Med. Vet. Especializada Darla Whaianny Fernandes de Lima.
_____________________________________________________
Médica Oftalmologista Michelle Gomes Barros - Autônoma
AGRADECIMENTOS
Deus na sua mais generosa misericórdia, que me confortou nos momentos mais difíceis dessa jornada, mesmo sob o obscurantismo e as dúvidas que por vezes insistia em pairar sobre mim, ele em sua mais divina bondade e luz, sempre me guiou e mostrou o caminho e quando por vezes eu não suportava mais a jornada, sempre era me lembrado o conforto da vida e o amanhecer do dia seguinte e de um novo começo. Momentos de dúvidas e incertezas ficaram para traz, hoje tenho sede por conquistas e desafios sempre ao olhar atento e guiado pelo do pai divino.
A minha família! Agradeço eternamente aos meus pais JUVENAL DOMINGUES e SUELI APARECIDA BUENO DOMINGUES, porque se pude chegar mais longe é porque vocês acreditaram em mim para que tudo isso acontecesse, esta vida não será suficiente para agradecer ao que vocês me proporcionaram.

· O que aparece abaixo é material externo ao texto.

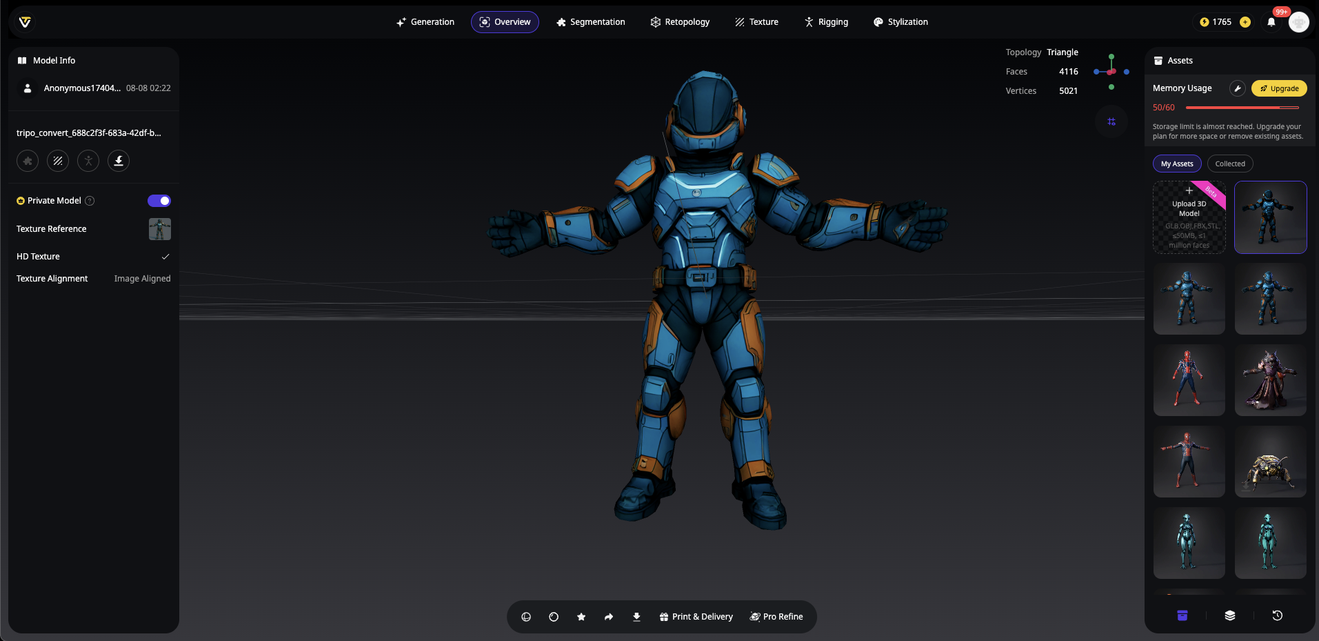 Here's where Tripo AI gives you a massive advantage. Unlike other AI 3D model generators that output characters in A-pose, Tripo Studio offers a built-in T-pose option:

Agradeço também ao meu irmão FÁBIO ROGÉRIO DOMINGUES que mesmo acompanhando distantemente sempre estive presente em seus pensamentos, também agradeço a ROSA MARIA MORAES DOS SANTOS que se preocupou e deu forças para a minha vinda a UNIVERSIDADE a todos vocês meu eterno agradecimento.
Aos meus amigos, que foram pouquíssimos e que me ajudaram a chegar até aqui só tenho a agradecer por esta conquista, não citarei nenhum nome, mas os poucos que me ajudaram sabem o quanto difícil foi para mim, portanto, nada mais justo de que vocês façam parte da minha glória em meio a tantas batalhas e desafios. Gratidão a todos.
Aos que de forma direta ou indiretamente puderam tornar este sonho realidade.
Professores! Ah professores... Ser professor é levar luz onde há escuridão, levar conhecimento onde existem dúvidas e sabedoria onde há ignorância, se a minha vida se fosse uma escada, cada degrau seria composto pelos braços dos professores que estiveram presentes na minha vida, trazendo conhecimento e sabedoria. A todos vocês meu eterno agradecimento principalmente aqueles lá do início da minha alfabetização pré-escola que por vezes pegavam em minhas mãos pra ensinar a escrita nos cadernos ou numa folha qualquer. Obrigado.
Aos meus pacientes que insisto em não os chamar de “animais”, porque vocês merecem o
mais eterno e respeitoso tratamento. As minhas paixões de quatro patas Nina e Dora obrigado
por trazer tanta alegria a mim e a minha casa e que vocês se sintam muito amadas por mim e
por todos. Também quero agradecer aos animais que aqui não se encontram mais e que serviram de base para os meus estudos, a todos vocês que um dia foi amado por seus donos e também pelos seus pais agradeço por tudo.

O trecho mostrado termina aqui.